Goal of the exercise: Answer with the exact lines of the following material from the one containing "日照 | 積雪 | 降雪 |" through the one containing "フローリングに賞味期限切れの", both end lines included.

Data under study:
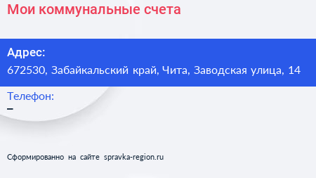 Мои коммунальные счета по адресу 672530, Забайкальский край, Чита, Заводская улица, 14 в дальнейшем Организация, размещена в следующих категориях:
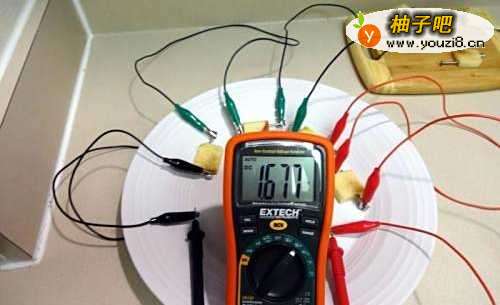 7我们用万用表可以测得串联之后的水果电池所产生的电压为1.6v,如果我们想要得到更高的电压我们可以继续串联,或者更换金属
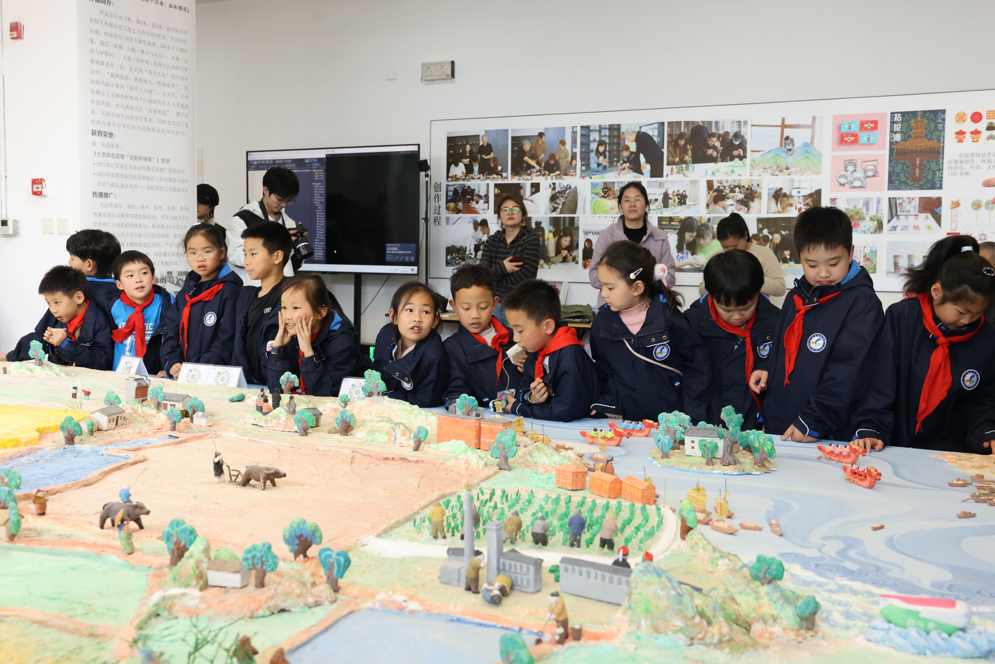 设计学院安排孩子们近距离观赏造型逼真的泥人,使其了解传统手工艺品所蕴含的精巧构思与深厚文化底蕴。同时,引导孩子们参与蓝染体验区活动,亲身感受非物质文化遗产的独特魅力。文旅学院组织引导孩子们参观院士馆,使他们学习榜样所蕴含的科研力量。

==

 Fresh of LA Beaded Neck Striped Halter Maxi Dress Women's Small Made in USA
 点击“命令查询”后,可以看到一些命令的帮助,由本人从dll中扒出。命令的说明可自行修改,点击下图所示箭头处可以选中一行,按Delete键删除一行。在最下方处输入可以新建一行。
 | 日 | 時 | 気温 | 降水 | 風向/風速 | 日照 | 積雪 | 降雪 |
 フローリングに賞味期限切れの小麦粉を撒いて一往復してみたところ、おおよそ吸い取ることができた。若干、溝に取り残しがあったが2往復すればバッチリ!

Answer to this task:
 | 日 | 時 | 気温 | 降水 | 風向/風速 | 日照 | 積雪 | 降雪 |
 フローリングに賞味期限切れの小麦粉を撒いて一往復してみたところ、おおよそ吸い取ることができた。若干、溝に取り残しがあったが2往復すればバッチリ!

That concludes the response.